New Delhi (Agency): Time was when Cuttack was a city in Odisha whose resident’s footprints in the Indian literary scene were nothing home to write about. One of its residents, Jayanta Mahapatra, an Indian poet writing in English changed the notion and more.
To say that Mahapatra’s passing at the age of 95 in Cuttack on August 27 left the Indi literary scene poorer would be a cliche. Long before he was awarded Sahitya Akademi Award and was conferred a fellowship of the Akademi, he had emerged as a leading writer in English language.
It was a venue where only a handful of Indian poets had ventured at that time. Sarojini Naidu, A K Ramanujan, Nissim Ezekiel and Kamala Suriaaya are among those who have achieved this honourable distinction.
It was a cultural leap in a newly independent country from the shackles of a race who spoke in English, exploiting Indian land and labour to serve the ends of capital of an alien race. To continue to write in English about the heart and soul of India could have been construed as something unpatriotic.
That would have been harmful for the person and poetry of Mahapatra. But it was a different time and dispensation when ideas and ideologies freely flourished. The ’60s heralded a churn. Far away from Cuttack where Mahapatra lived and wrote, the scene of action of English writing in India had shifted to Bombay.

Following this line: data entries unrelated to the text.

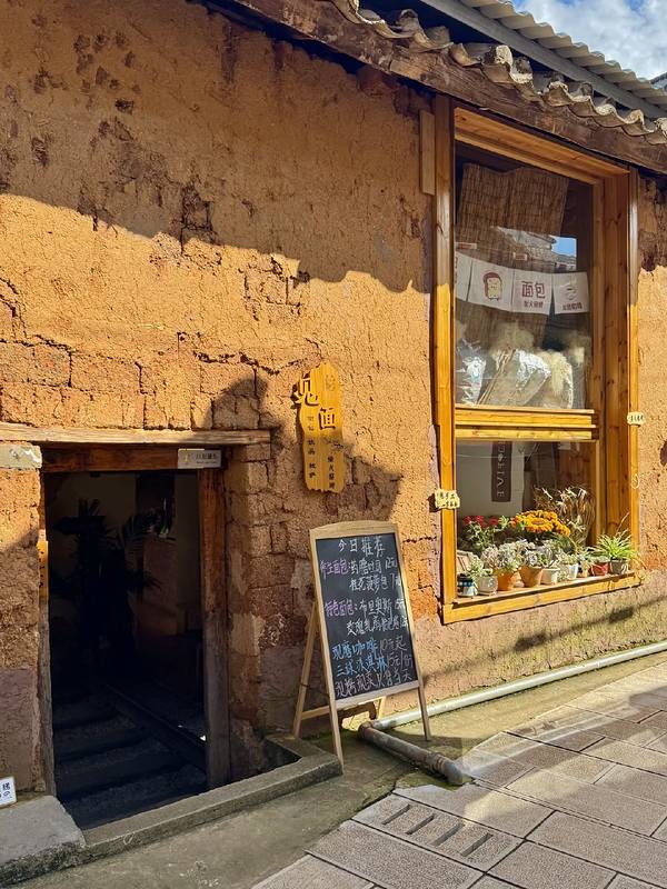 3. 夯土小店:见鱼面包店、土土咖啡屋的土黄色老墙、木质门窗,都是天然的拍照背景,用光影做点缀,松弛感大片轻松拿捏。
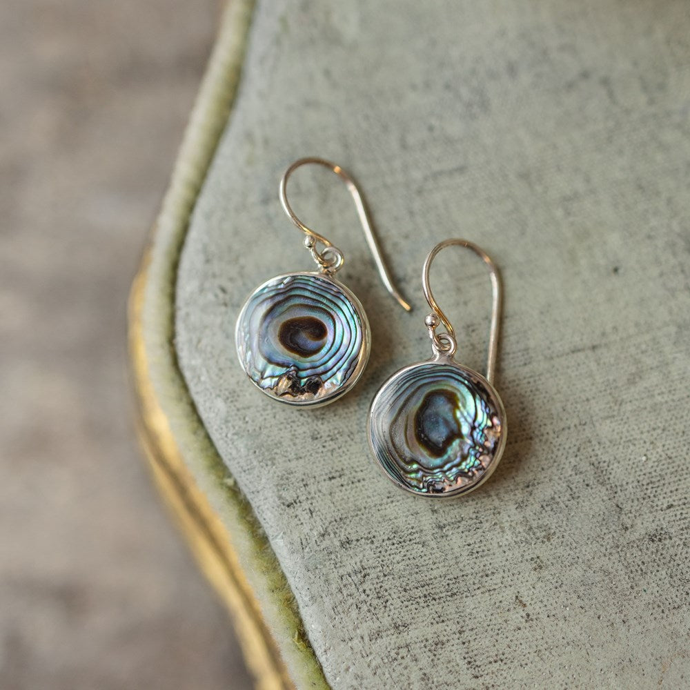 The earrings are approximately 1.25" long. Featuring natural abalone.
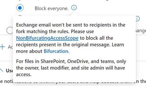 If you are configuring a DLP rule for emails, the above configuration can be misleading depending on how you interpret it. You might expect that selecting the "Block everyone" option would block the email thread for all recipients included in the original email. However, this is not the case. The email will only be blocked for those recipients on the email thread for whom the defined conditions match. To understand the details, hover over the information icon located near the setting.
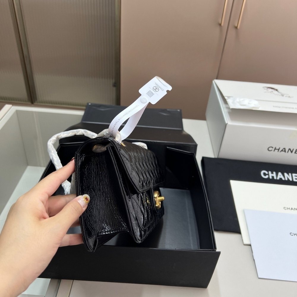 Be the first to review “CHANEL FLAP BAG GLOSSY AND GOLD PLATED METAL BLACK 26CM AS5694 B21434 94305” Cancel reply
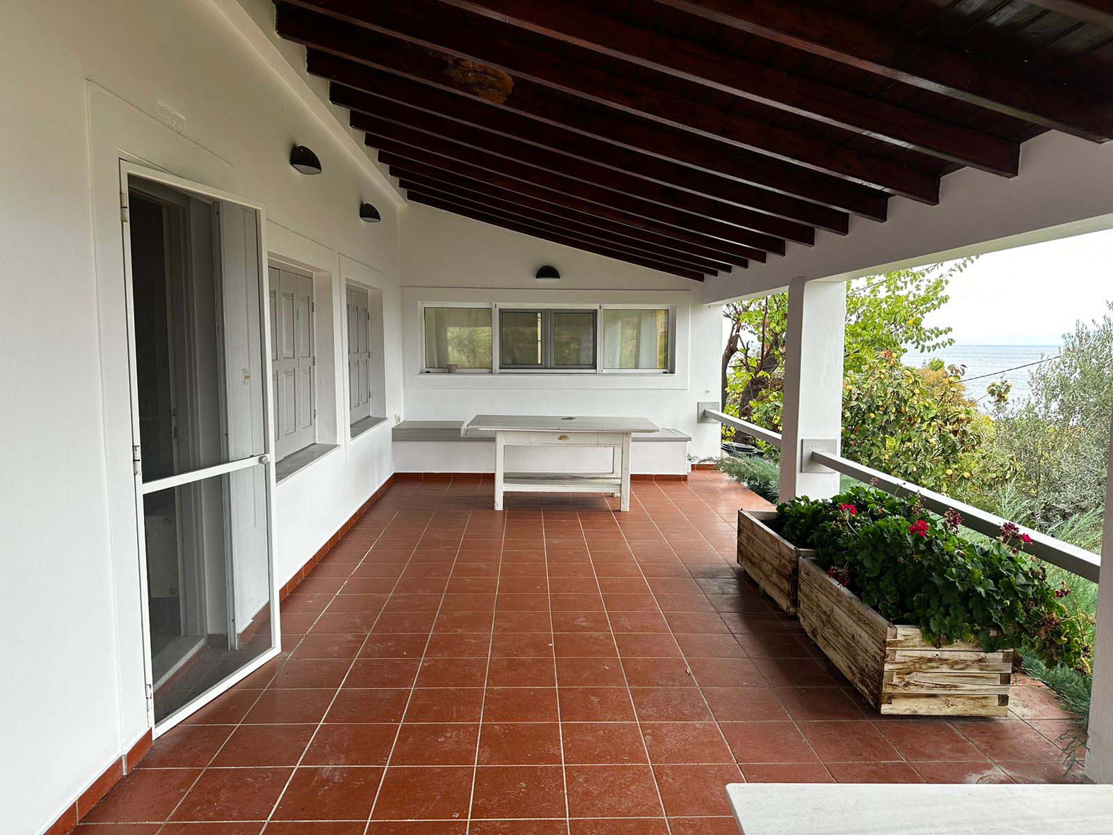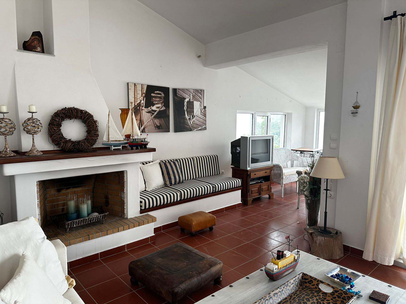 Arranged over two levels, the house features two living rooms and a well-appointed kitchen, connected by an internal staircase. The layout is airy and bright, with large windows and sea-facing views throughout. Both bedrooms are generously sized, and two fireplaces add a warm, rustic touch. The home includes tile flooring, aluminum window frames, and window screens for added comfort.
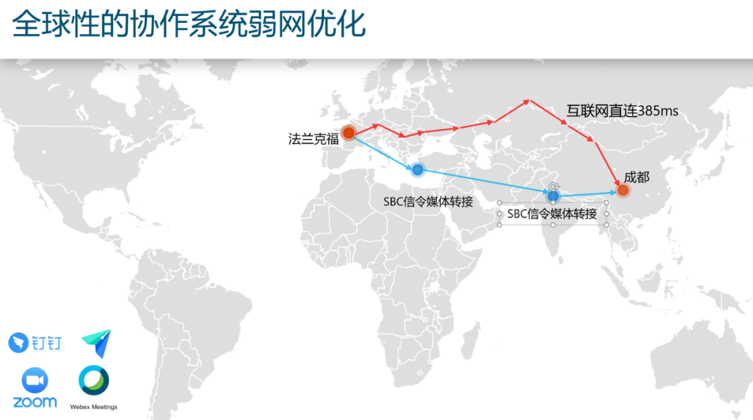 由于疫情的影响,全球性的协作平台需求增长也非常迅速,但是直接通过互联网连接音视频会议体验非常差,这类业务通常需要进行弱网优化,优化过程中有采用SBC进行信令和媒体转接的方式,通常为静态配置的路径,并且每路呼叫都需要维持状态,Scale会非常差,运营成本也非常高
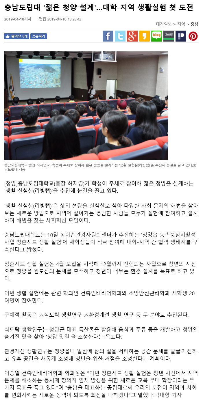 충남도립대 "젊은 청양 설계" 대학, 지역 생활 실험 첫 도전(대전일보)
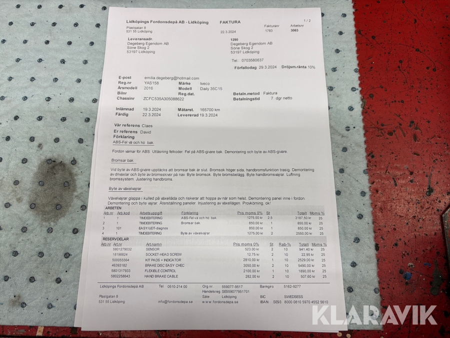 Boka frakt? Det finns ingen specifik information om frakt för just det här objektet, men om du skickar oss en förfrågan via vårt fraktformulär, så undersöker vi möjligheten. Paket, EU-pall eller större maskin? Klaravik har fraktavtal med Schenker och i de fall vi kan hjälpa till med frakt gäller det objekt som ryms i paket eller inom en EU-pall (upp till 120*80 cm och 990 kg). Det går att beställa frakt inom Sverige, dock inte till utlandet. Vid frakt på större maskiner rekommenderar vi gärna transportföretag som du kan kontakta.
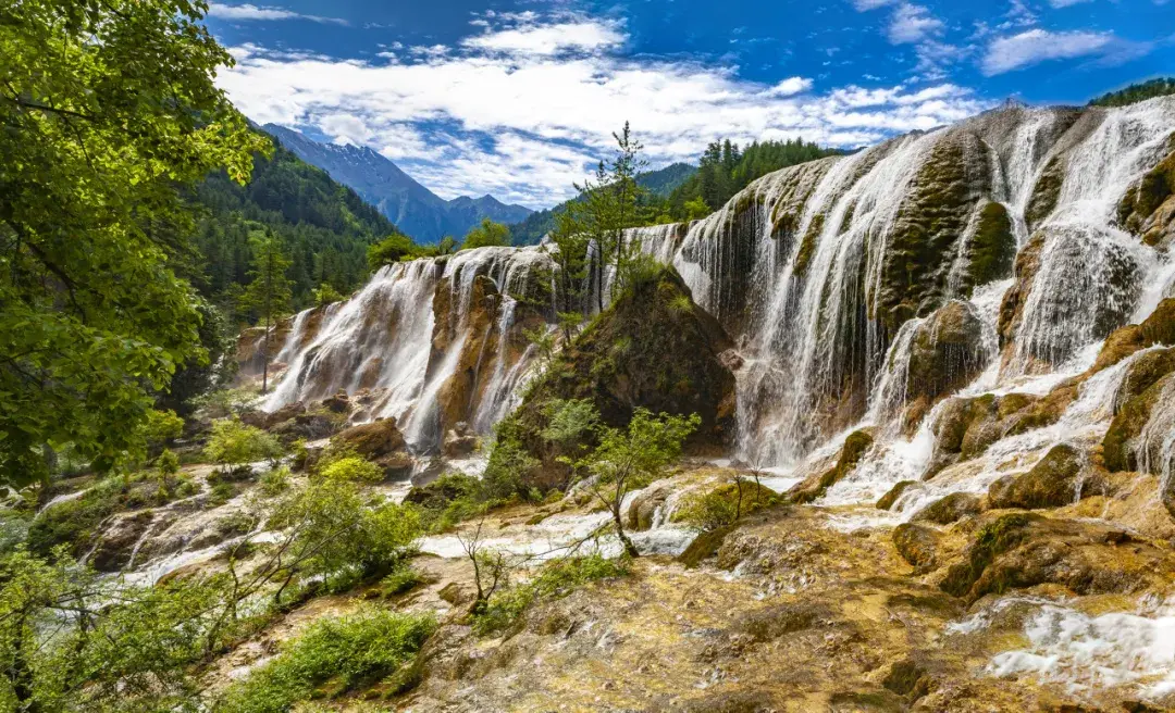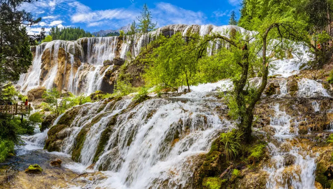 距离五花海不远处的珍珠滩瀑布,是九寨沟最具动感的景观之一。
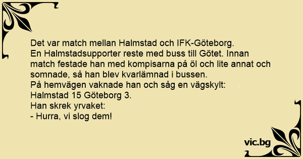 En Halmstadsupporter reste med buss till Götet. Innan match festade han med kompisarna på öl och lite annat och somnade, så han blev kvarlämnad i bussen.
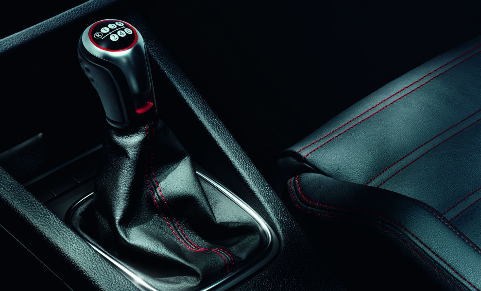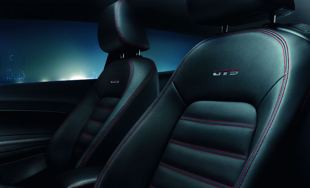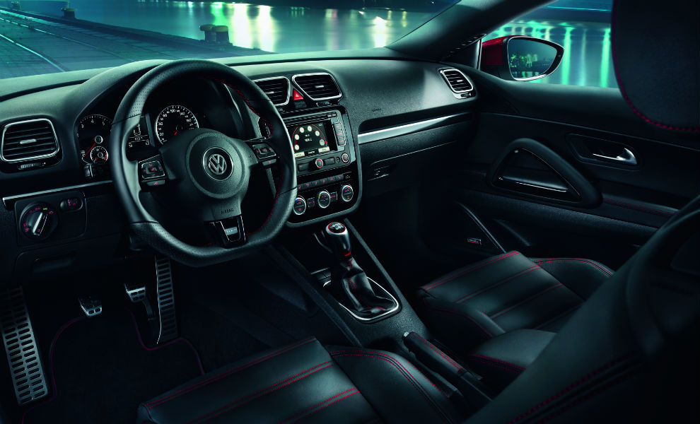 El Scirocco GTS conserva en su interior los colores negro y rojo como protagonistas. Incluye acabados decorativos en negro y detalles lacados en la consola central, y enfatiza su carácter deportivo con unas costuras dobles en rojo, en contraste, tanto en los asientos de cuero como en el volante y la palanca de cambios.
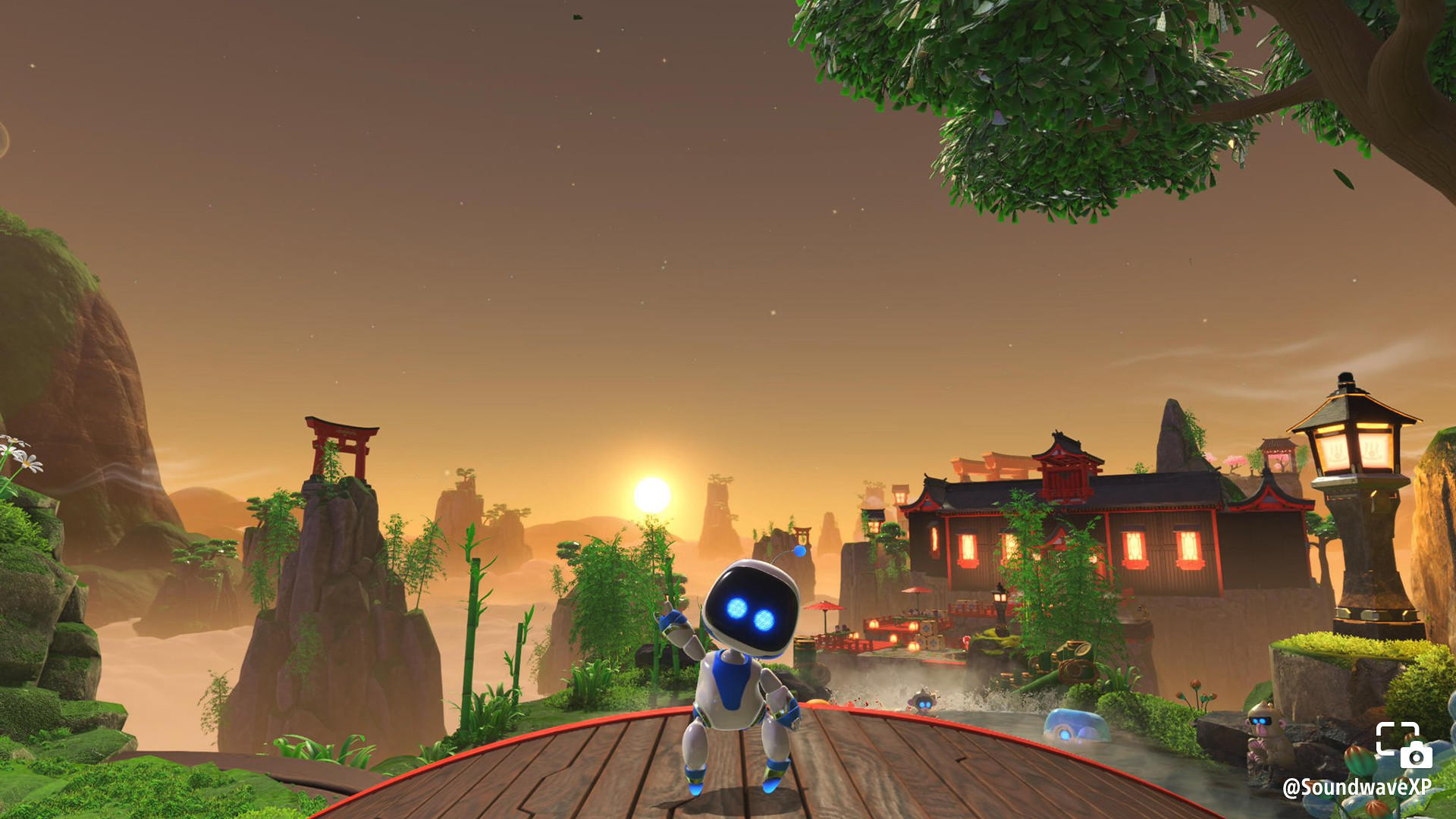 SoundwaveXP shares a level featuring a Japanese-style bathhouse and mountains.

The boom town had not changed its name and soul. The likes of Nissim Ezekiel, Arvind Krishna Merhotra, R Parthadarsthi, Dom Moraes and Adil Jussawala were helming Bombay Poets and experimenting with literature in English.
A language of cosmopolitanism was evolving. If many Bombays came out of the penmanship of these helmsmen, Mahapatra, a worthy peer had something else to offer. His lines encapsulated loss and longing of individuals, impoverishment and despair of plagued people living in the heat and dust of the small towns of India.Mahapatra had captured the play of light and shade that in turn lit up and darkened the large landscape of Indian provincial life.
Critical and affectionate, Mahapatra’s gaze swept the entire Indian national scenes. It’s frailities and flowers came out in his lines warts and all. Old windows and dying men found place of honour in his poetry. So did obstinate prayers and a desire for freedom.
If Mahapatra did not care to carry his ideology in his sleeves, it was a quality which had not gone to sleep. His poetry was imbued with a ruminative political consciousness. It manifested itself in 2015 when Mahapatra returned his Padmasree Award. His act was in protest against the rising intolerance in his country.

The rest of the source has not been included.